TASK REQUIREMENTS ▸
Every entry that follows should be output again, word for word.
_ _ _ _
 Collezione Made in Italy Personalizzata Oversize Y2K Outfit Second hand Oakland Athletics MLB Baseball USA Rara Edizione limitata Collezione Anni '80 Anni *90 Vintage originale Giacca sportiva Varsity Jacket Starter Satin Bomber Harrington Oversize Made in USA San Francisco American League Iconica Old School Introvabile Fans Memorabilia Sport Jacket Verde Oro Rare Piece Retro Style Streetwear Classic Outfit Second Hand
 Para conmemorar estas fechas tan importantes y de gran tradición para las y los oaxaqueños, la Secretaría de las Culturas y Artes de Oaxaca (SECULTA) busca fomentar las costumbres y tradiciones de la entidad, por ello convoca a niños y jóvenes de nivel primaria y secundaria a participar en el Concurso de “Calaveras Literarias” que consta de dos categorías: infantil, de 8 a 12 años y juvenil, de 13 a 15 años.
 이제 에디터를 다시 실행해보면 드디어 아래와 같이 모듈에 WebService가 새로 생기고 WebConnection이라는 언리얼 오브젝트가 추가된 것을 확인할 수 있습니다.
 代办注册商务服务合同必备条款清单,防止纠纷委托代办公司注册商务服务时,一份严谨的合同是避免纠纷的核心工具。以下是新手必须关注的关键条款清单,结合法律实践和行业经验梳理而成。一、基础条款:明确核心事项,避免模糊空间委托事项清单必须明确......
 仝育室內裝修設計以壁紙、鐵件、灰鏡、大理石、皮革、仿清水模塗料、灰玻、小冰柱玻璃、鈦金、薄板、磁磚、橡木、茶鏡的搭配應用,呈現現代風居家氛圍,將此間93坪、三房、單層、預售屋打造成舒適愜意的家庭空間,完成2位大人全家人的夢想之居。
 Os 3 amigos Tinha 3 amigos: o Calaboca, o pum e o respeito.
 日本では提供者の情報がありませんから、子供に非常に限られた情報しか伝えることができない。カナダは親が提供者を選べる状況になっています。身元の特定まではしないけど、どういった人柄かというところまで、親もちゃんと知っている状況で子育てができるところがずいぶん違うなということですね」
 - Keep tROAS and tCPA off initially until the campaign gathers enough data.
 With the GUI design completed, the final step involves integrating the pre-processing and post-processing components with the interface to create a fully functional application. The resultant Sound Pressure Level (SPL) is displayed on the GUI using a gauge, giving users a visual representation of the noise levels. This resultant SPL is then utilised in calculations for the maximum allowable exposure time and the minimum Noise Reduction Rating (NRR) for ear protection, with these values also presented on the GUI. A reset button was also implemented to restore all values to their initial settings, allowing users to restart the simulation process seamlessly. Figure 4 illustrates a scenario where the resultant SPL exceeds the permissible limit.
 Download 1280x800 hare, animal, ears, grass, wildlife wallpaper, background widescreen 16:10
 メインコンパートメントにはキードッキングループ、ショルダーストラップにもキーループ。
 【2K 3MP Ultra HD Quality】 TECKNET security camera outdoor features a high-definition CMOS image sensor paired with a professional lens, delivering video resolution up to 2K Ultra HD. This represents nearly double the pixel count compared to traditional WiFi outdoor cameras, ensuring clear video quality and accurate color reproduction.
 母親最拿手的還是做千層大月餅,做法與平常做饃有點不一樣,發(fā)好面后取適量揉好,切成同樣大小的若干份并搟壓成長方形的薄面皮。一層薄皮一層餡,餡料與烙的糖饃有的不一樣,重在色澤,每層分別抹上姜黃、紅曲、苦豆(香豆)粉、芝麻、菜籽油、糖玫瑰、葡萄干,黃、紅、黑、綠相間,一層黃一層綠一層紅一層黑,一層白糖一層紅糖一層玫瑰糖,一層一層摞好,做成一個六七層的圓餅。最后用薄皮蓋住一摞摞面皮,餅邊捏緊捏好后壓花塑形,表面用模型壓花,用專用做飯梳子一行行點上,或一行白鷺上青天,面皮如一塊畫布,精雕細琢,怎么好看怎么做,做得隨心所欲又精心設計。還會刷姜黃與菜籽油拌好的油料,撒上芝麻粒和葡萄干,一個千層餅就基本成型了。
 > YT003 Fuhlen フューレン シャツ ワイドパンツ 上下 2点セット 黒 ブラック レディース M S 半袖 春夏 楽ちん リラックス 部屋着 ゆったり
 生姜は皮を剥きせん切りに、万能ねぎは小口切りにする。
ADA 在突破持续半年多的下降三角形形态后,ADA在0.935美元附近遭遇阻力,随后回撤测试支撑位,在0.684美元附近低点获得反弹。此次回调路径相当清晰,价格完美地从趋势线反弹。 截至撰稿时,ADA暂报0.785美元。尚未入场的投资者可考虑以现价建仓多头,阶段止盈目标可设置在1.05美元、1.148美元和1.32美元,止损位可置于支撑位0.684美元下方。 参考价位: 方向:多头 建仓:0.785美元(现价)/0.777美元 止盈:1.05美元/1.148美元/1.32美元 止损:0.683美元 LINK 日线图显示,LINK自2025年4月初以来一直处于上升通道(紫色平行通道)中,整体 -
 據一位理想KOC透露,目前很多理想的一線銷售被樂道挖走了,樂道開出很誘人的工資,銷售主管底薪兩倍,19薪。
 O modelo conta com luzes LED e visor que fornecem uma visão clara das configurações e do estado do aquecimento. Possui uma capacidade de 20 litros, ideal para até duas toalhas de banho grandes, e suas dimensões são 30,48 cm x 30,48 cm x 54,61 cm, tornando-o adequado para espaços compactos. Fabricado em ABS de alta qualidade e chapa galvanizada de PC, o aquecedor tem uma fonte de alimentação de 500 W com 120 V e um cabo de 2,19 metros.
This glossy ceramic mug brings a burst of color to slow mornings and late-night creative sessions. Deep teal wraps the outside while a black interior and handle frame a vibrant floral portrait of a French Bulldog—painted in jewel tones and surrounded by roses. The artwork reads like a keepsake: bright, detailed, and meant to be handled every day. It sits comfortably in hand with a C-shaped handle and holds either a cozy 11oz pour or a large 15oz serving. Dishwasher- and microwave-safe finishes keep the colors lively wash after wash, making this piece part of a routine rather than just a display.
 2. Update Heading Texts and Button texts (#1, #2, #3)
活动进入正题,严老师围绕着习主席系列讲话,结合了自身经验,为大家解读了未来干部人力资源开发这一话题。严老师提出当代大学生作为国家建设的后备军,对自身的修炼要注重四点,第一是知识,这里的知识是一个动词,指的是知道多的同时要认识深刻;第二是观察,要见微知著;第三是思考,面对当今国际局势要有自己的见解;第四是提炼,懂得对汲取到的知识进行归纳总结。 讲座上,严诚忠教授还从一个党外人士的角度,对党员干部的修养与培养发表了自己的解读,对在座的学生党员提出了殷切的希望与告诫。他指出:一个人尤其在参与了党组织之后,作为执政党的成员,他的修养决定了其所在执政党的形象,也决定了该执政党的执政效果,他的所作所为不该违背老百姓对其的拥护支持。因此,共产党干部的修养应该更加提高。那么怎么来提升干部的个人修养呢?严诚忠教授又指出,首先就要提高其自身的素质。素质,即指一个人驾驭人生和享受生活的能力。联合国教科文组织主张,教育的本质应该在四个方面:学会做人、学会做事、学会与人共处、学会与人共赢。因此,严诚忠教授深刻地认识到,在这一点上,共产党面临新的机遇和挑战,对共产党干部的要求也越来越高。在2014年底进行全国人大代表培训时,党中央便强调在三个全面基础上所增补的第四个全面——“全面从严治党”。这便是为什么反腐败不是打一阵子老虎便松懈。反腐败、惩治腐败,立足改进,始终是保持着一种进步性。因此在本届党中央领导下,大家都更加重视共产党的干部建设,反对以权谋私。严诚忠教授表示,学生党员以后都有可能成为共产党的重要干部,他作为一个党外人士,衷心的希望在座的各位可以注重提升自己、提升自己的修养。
_ _ _ _
TASK OUTPUT ▸
 Collezione Made in Italy Personalizzata Oversize Y2K Outfit Second hand Oakland Athletics MLB Baseball USA Rara Edizione limitata Collezione Anni '80 Anni *90 Vintage originale Giacca sportiva Varsity Jacket Starter Satin Bomber Harrington Oversize Made in USA San Francisco American League Iconica Old School Introvabile Fans Memorabilia Sport Jacket Verde Oro Rare Piece Retro Style Streetwear Classic Outfit Second Hand
 Para conmemorar estas fechas tan importantes y de gran tradición para las y los oaxaqueños, la Secretaría de las Culturas y Artes de Oaxaca (SECULTA) busca fomentar las costumbres y tradiciones de la entidad, por ello convoca a niños y jóvenes de nivel primaria y secundaria a participar en el Concurso de “Calaveras Literarias” que consta de dos categorías: infantil, de 8 a 12 años y juvenil, de 13 a 15 años.
 이제 에디터를 다시 실행해보면 드디어 아래와 같이 모듈에 WebService가 새로 생기고 WebConnection이라는 언리얼 오브젝트가 추가된 것을 확인할 수 있습니다.
 代办注册商务服务合同必备条款清单,防止纠纷委托代办公司注册商务服务时,一份严谨的合同是避免纠纷的核心工具。以下是新手必须关注的关键条款清单,结合法律实践和行业经验梳理而成。一、基础条款:明确核心事项,避免模糊空间委托事项清单必须明确......
 仝育室內裝修設計以壁紙、鐵件、灰鏡、大理石、皮革、仿清水模塗料、灰玻、小冰柱玻璃、鈦金、薄板、磁磚、橡木、茶鏡的搭配應用,呈現現代風居家氛圍,將此間93坪、三房、單層、預售屋打造成舒適愜意的家庭空間,完成2位大人全家人的夢想之居。
 Os 3 amigos Tinha 3 amigos: o Calaboca, o pum e o respeito.
 日本では提供者の情報がありませんから、子供に非常に限られた情報しか伝えることができない。カナダは親が提供者を選べる状況になっています。身元の特定まではしないけど、どういった人柄かというところまで、親もちゃんと知っている状況で子育てができるところがずいぶん違うなということですね」
 - Keep tROAS and tCPA off initially until the campaign gathers enough data.
 With the GUI design completed, the final step involves integrating the pre-processing and post-processing components with the interface to create a fully functional application. The resultant Sound Pressure Level (SPL) is displayed on the GUI using a gauge, giving users a visual representation of the noise levels. This resultant SPL is then utilised in calculations for the maximum allowable exposure time and the minimum Noise Reduction Rating (NRR) for ear protection, with these values also presented on the GUI. A reset button was also implemented to restore all values to their initial settings, allowing users to restart the simulation process seamlessly. Figure 4 illustrates a scenario where the resultant SPL exceeds the permissible limit.
 Download 1280x800 hare, animal, ears, grass, wildlife wallpaper, background widescreen 16:10
 メインコンパートメントにはキードッキングループ、ショルダーストラップにもキーループ。
 【2K 3MP Ultra HD Quality】 TECKNET security camera outdoor features a high-definition CMOS image sensor paired with a professional lens, delivering video resolution up to 2K Ultra HD. This represents nearly double the pixel count compared to traditional WiFi outdoor cameras, ensuring clear video quality and accurate color reproduction.
 母親最拿手的還是做千層大月餅,做法與平常做饃有點不一樣,發(fā)好面后取適量揉好,切成同樣大小的若干份并搟壓成長方形的薄面皮。一層薄皮一層餡,餡料與烙的糖饃有的不一樣,重在色澤,每層分別抹上姜黃、紅曲、苦豆(香豆)粉、芝麻、菜籽油、糖玫瑰、葡萄干,黃、紅、黑、綠相間,一層黃一層綠一層紅一層黑,一層白糖一層紅糖一層玫瑰糖,一層一層摞好,做成一個六七層的圓餅。最后用薄皮蓋住一摞摞面皮,餅邊捏緊捏好后壓花塑形,表面用模型壓花,用專用做飯梳子一行行點上,或一行白鷺上青天,面皮如一塊畫布,精雕細琢,怎么好看怎么做,做得隨心所欲又精心設計。還會刷姜黃與菜籽油拌好的油料,撒上芝麻粒和葡萄干,一個千層餅就基本成型了。
 > YT003 Fuhlen フューレン シャツ ワイドパンツ 上下 2点セット 黒 ブラック レディース M S 半袖 春夏 楽ちん リラックス 部屋着 ゆったり
 生姜は皮を剥きせん切りに、万能ねぎは小口切りにする。
ADA 在突破持续半年多的下降三角形形态后,ADA在0.935美元附近遭遇阻力,随后回撤测试支撑位,在0.684美元附近低点获得反弹。此次回调路径相当清晰,价格完美地从趋势线反弹。 截至撰稿时,ADA暂报0.785美元。尚未入场的投资者可考虑以现价建仓多头,阶段止盈目标可设置在1.05美元、1.148美元和1.32美元,止损位可置于支撑位0.684美元下方。 参考价位: 方向:多头 建仓:0.785美元(现价)/0.777美元 止盈:1.05美元/1.148美元/1.32美元 止损:0.683美元 LINK 日线图显示,LINK自2025年4月初以来一直处于上升通道(紫色平行通道)中,整体 -
 據一位理想KOC透露,目前很多理想的一線銷售被樂道挖走了,樂道開出很誘人的工資,銷售主管底薪兩倍,19薪。
 O modelo conta com luzes LED e visor que fornecem uma visão clara das configurações e do estado do aquecimento. Possui uma capacidade de 20 litros, ideal para até duas toalhas de banho grandes, e suas dimensões são 30,48 cm x 30,48 cm x 54,61 cm, tornando-o adequado para espaços compactos. Fabricado em ABS de alta qualidade e chapa galvanizada de PC, o aquecedor tem uma fonte de alimentação de 500 W com 120 V e um cabo de 2,19 metros.
This glossy ceramic mug brings a burst of color to slow mornings and late-night creative sessions. Deep teal wraps the outside while a black interior and handle frame a vibrant floral portrait of a French Bulldog—painted in jewel tones and surrounded by roses. The artwork reads like a keepsake: bright, detailed, and meant to be handled every day. It sits comfortably in hand with a C-shaped handle and holds either a cozy 11oz pour or a large 15oz serving. Dishwasher- and microwave-safe finishes keep the colors lively wash after wash, making this piece part of a routine rather than just a display.
 2. Update Heading Texts and Button texts (#1, #2, #3)
活动进入正题,严老师围绕着习主席系列讲话,结合了自身经验,为大家解读了未来干部人力资源开发这一话题。严老师提出当代大学生作为国家建设的后备军,对自身的修炼要注重四点,第一是知识,这里的知识是一个动词,指的是知道多的同时要认识深刻;第二是观察,要见微知著;第三是思考,面对当今国际局势要有自己的见解;第四是提炼,懂得对汲取到的知识进行归纳总结。 讲座上,严诚忠教授还从一个党外人士的角度,对党员干部的修养与培养发表了自己的解读,对在座的学生党员提出了殷切的希望与告诫。他指出:一个人尤其在参与了党组织之后,作为执政党的成员,他的修养决定了其所在执政党的形象,也决定了该执政党的执政效果,他的所作所为不该违背老百姓对其的拥护支持。因此,共产党干部的修养应该更加提高。那么怎么来提升干部的个人修养呢?严诚忠教授又指出,首先就要提高其自身的素质。素质,即指一个人驾驭人生和享受生活的能力。联合国教科文组织主张,教育的本质应该在四个方面:学会做人、学会做事、学会与人共处、学会与人共赢。因此,严诚忠教授深刻地认识到,在这一点上,共产党面临新的机遇和挑战,对共产党干部的要求也越来越高。在2014年底进行全国人大代表培训时,党中央便强调在三个全面基础上所增补的第四个全面——“全面从严治党”。这便是为什么反腐败不是打一阵子老虎便松懈。反腐败、惩治腐败,立足改进,始终是保持着一种进步性。因此在本届党中央领导下,大家都更加重视共产党的干部建设,反对以权谋私。严诚忠教授表示,学生党员以后都有可能成为共产党的重要干部,他作为一个党外人士,衷心的希望在座的各位可以注重提升自己、提升自己的修养。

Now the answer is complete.